Inspiration
Many people who need public support do not know where to start. A low-income working parent may be struggling with rent, food, bills, childcare, healthcare, or transportation, but the information online is often difficult to understand. Government and nonprofit websites can be text-heavy, formal, and spread across many pages.
This problem has becomes even harder when the person is not comfortable using English or does not understand the official terms used on support websites. For example, they may not know to search for words like “housing assistance,” “utility relief,” or “childcare subsidy.” They may simply say, “I cannot pay rent this month,” or “I do not have enough money for food.”
We have created the HELP AI to reduce this first barrier. Instead of expecting users to know the correct search terms, HELP AI lets them describe their situation naturally in a language they understand, such as Mandarin, Cantonese, or English.
What it does
HELP AI is a voice-first web assistant that helps low-income users find public support programs. Users can speak or type in their preferred language. The AI listens to their situation, asks simple follow-up questions when needed, and recommends relevant support categories.
For example, the system may ask about income range, household size, rent, savings, age, number of children, and whether the situation is urgent. After that, HELP AI gives the user a short step-by-step checklist in the same language.
The checklist may include what type of help they may need, what documents to prepare, where to apply, what to do first, and when to contact a human case worker or local helpline.
If the user cannot read or does not understand the words, the system can read the answer aloud. The interface uses large buttons, short sentences, simple icons, and no long confusing paragraphs.
How we built it
We have designed HELP AI around four main steps.
First, the user speaks or types their situation in their preferred language. If the user speaks, speech-to-text converts the audio into text.
Second, the NLP layer detects the language, understands the user’s natural explanation, and extracts key information such as income, household size, rent, bills, food needs, childcare needs, healthcare needs, and urgency.

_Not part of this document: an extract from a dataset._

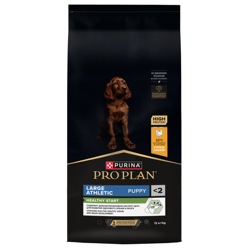 Сухой корм PRO PLAN HEALTHY START для щенков крупных пород с атлетическим телосложением, c курицей, 12 кг

Third, the recommendation system compares the user’s situation with public support information from public datasets, official government websites, nonprofit directories, and local social service resources. The support database includes program categories, eligibility rules, required documents, deadlines, language options, and contact information.
Finally, the AI gives a short checklist in the user’s preferred language. If needed, text-to-speech reads the checklist aloud. If the case is urgent, confusing, or low-confidence, the system suggests a human case worker or local helpline.
Challenges we ran into
One challenge was making the AI useful without letting it make decisions it should not make. Public support eligibility can be complex, and the final decision should be made by official programs or human case workers, not AI. To solve this, HELP AI only gives guidance and next steps. It does not approve or deny support.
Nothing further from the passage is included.